WORK REQUIRED
Please give again exactly the lines from the top of the material through the line with "- 5.85 gramos"; omit each picture.
========================
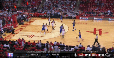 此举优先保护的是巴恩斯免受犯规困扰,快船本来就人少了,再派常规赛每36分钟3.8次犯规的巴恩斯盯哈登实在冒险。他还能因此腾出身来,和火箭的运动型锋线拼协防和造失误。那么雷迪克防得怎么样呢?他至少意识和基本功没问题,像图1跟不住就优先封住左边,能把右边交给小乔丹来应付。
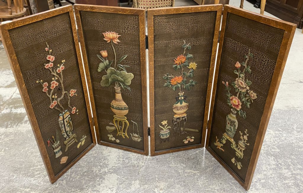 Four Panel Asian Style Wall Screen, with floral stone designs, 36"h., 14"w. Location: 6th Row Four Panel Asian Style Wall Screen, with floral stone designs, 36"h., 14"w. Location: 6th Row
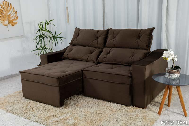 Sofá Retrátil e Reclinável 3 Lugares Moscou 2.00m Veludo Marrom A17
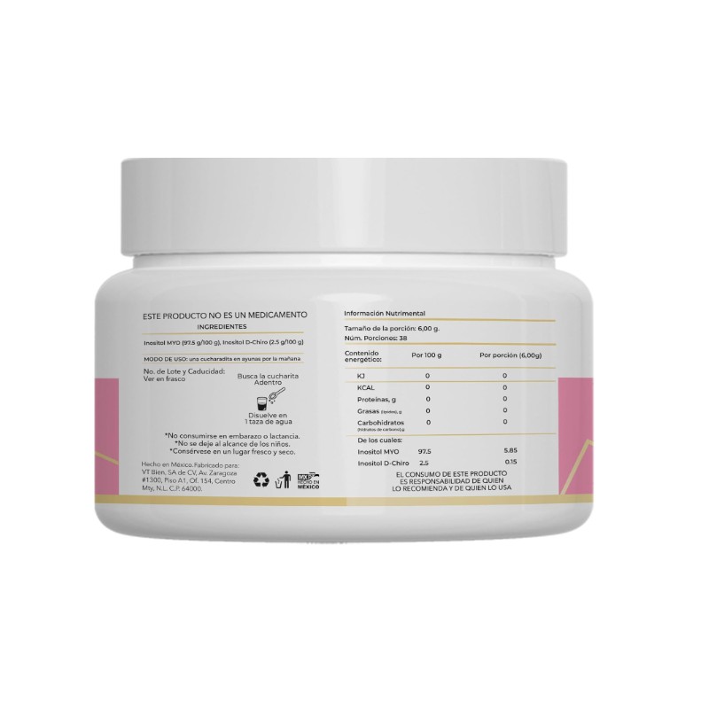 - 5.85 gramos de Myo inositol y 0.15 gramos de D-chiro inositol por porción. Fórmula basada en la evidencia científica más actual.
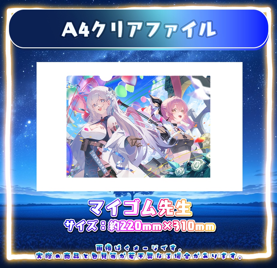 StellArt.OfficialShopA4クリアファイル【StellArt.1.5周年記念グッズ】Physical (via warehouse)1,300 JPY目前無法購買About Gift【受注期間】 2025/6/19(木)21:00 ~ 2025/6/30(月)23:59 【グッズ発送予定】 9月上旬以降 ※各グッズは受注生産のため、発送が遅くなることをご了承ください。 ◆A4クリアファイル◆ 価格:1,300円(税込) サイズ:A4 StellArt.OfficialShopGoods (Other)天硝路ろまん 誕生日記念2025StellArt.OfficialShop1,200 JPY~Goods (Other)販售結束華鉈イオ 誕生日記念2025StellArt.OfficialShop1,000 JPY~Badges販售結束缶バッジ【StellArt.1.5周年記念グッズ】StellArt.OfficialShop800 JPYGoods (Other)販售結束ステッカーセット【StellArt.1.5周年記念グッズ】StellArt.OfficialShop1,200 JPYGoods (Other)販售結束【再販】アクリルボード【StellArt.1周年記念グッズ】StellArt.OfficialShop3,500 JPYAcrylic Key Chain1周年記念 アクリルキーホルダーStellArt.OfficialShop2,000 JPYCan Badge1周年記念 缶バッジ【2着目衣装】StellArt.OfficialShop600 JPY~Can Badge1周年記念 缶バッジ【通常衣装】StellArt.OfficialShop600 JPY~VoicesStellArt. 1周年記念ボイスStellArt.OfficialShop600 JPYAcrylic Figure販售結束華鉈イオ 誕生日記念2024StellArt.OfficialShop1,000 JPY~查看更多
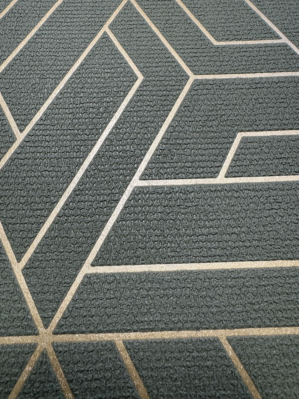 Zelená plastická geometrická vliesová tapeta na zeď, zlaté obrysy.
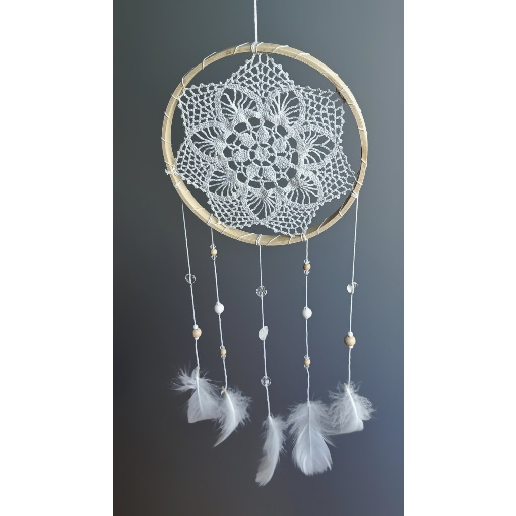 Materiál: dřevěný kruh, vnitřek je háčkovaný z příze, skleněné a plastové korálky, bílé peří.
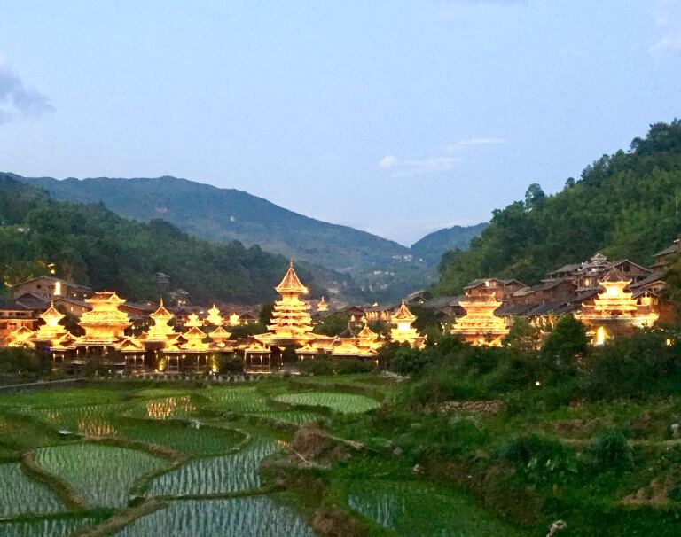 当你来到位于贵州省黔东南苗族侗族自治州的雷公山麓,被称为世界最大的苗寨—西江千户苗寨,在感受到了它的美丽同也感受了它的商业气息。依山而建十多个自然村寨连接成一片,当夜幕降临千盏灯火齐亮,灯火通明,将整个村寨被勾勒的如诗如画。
========================
SOLUTION TO THE PROBLEM
 此举优先保护的是巴恩斯免受犯规困扰,快船本来就人少了,再派常规赛每36分钟3.8次犯规的巴恩斯盯哈登实在冒险。他还能因此腾出身来,和火箭的运动型锋线拼协防和造失误。那么雷迪克防得怎么样呢?他至少意识和基本功没问题,像图1跟不住就优先封住左边,能把右边交给小乔丹来应付。
 Four Panel Asian Style Wall Screen, with floral stone designs, 36"h., 14"w. Location: 6th Row Four Panel Asian Style Wall Screen, with floral stone designs, 36"h., 14"w. Location: 6th Row
 Sofá Retrátil e Reclinável 3 Lugares Moscou 2.00m Veludo Marrom A17
 - 5.85 gramos de Myo inositol y 0.15 gramos de D-chiro inositol por porción. Fórmula basada en la evidencia científica más actual.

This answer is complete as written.